Diffusion models have been very successful at generating image conditioned on textual inputs. Recently quite a few methods proposed to augment them with the ability to take semantic maps as conditioning, like SpaText, Paint with Words (in the ediff-I paper), ControlNet, and T2I-Adapter.

In this post, we evaluate these different methods on the COCO dataset, and check how these novel methods perform in comparison with traditional train-based methods like OASIS and SDM.

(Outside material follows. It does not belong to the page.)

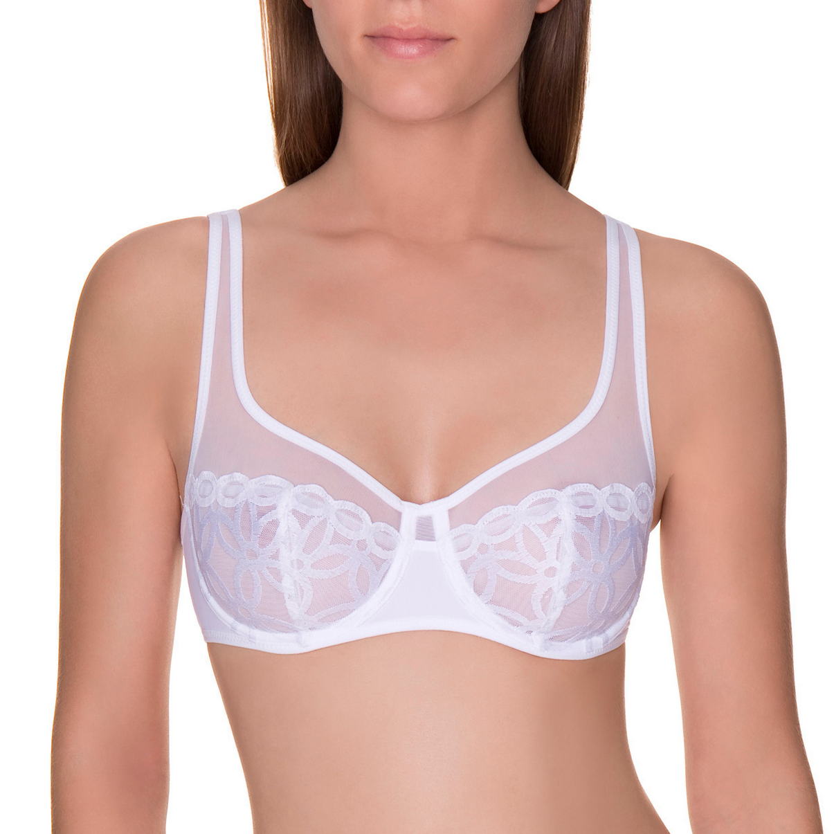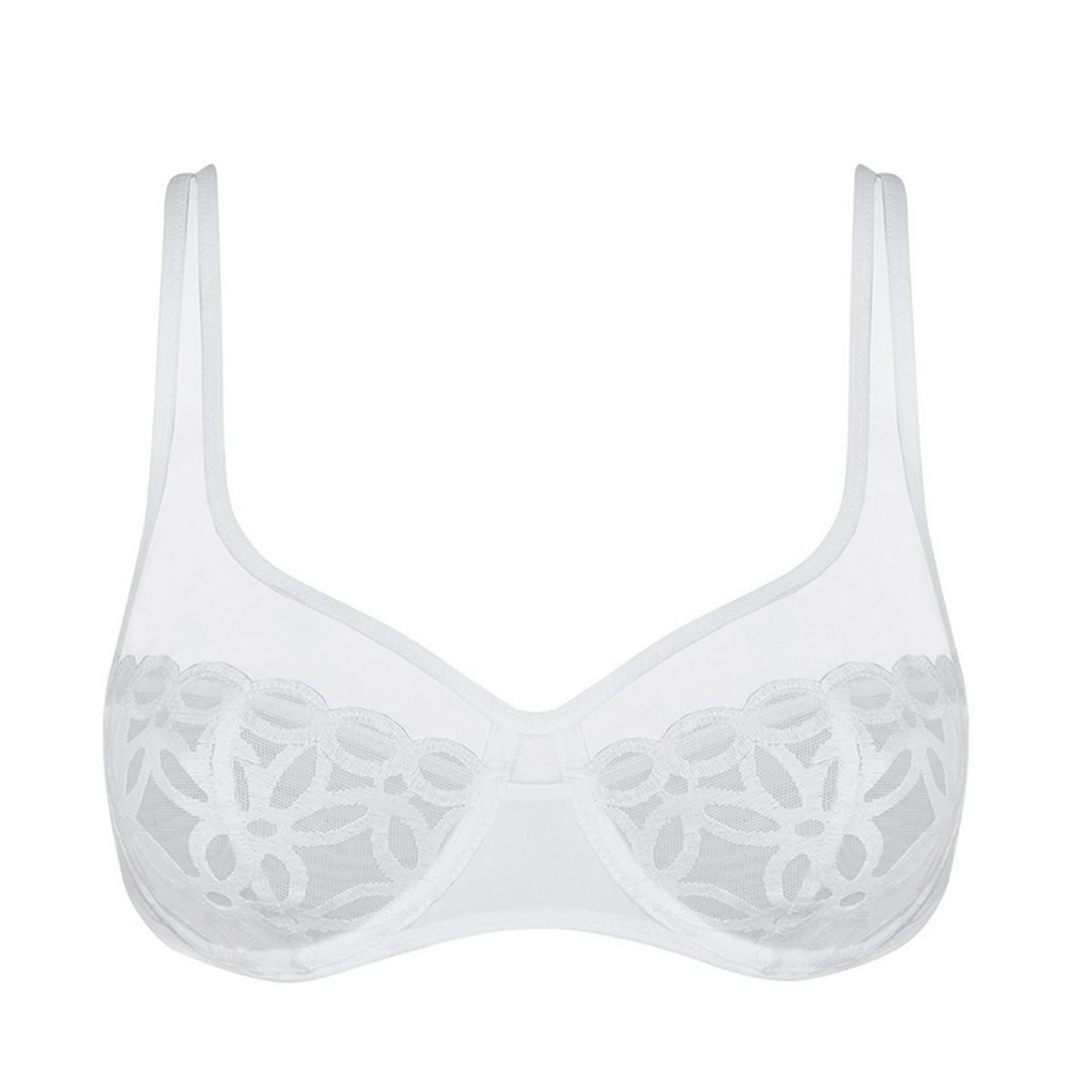 Бюстгальтер класичний з м’якою формою чашок на кісточках, з суцільнокрійними широкими бретелями та дубльованими з внутрішньої сторони чашками забезпечить бездоганну підтримку. Бічні панелі посилені м'якими кісточками. Овальна спинка зменшує навантаження на хребет. Вертикальний шов на чашці трохи округлює форму грудей . Вишивка по тюлю надає виробу жіночного вигляду.

We consider three evaluation scenarios: The first setting is the classical semantic image synthesis framework, where we give as input a complete segmentation map (which might contain unlabelled pixels, generally discarded), and the task is to generate a real image whose segmentation mask will be identical. The metrics are:

• mIoU between input mask and detected mask (to detect the mask, we use a state-of-the-art ViT-Adapter segmentation network)
• FID using the entire COCO validation set as reference set, at resolution 512;
• CLIP, the average CLIP similarity between the generated image and conditioning text prompt.

Here are the results:

Method mIoU FID CLIP
Stable Diffusion 11.7 23.6 31.8
SpaText 16.8 19.8 30.0
T2I-Adapter 33.3 17.2 31.5
Paint with Words 21.2 36.2 29.4
OASIS 52.1 15.0 N/A
SDM 49.3 17.2 N/A

Stable Diffusion refers to classical text-to image generation, without conditioning on masks. We note that the zero-shot method Paint-with words has a much better mIoU score than without conditioning (21.2 vs 11.7), but still very far from classical train-based methods that reach ~50 mIoU.

We also evaluate these methods similarly to SpaText: we remove masks covering less than 5% of the image, and consider $$1 \leq K \leq 3$$ conditioning masks for each generated image.

Method mIoU FID CLIP
Stable Diffusion 11.7 23.6 31.8
Spatext 23.8 16.2 30.2
T2I-Adapter 31.6 19.2 30.6
Paint with Words 23.8 25.8 29.6
OASIS 41.4 46.8 N/A
SDM 29.3 65.3 N/A

In this setting, we observe that train-based methods OASIS and SDM break, because they have not been trained to take only a few masks as conditioning information. This is why zero-shot methods like Paint-with words are more interesting. Spatext has a very good FID since it is the setup on which it has been trained.

Finally, we consider the intermediate setup where we consider as conditioning masks all masks covering more than 5% of the generated image.

Method mIoU FID CLIP
Stable Diffusion 11.7 23.6 31.8
Spatext 19.2 18.9 30.1
T2I-Adapter 35.1 17.8 31.3
Paint with Words 23.5 35.0 29.5
OASIS 53.7 18.2 N/A
SDM 41.7 28.6 N/A

OASIS and SDM work much better, because the conditioning information covers most of the image.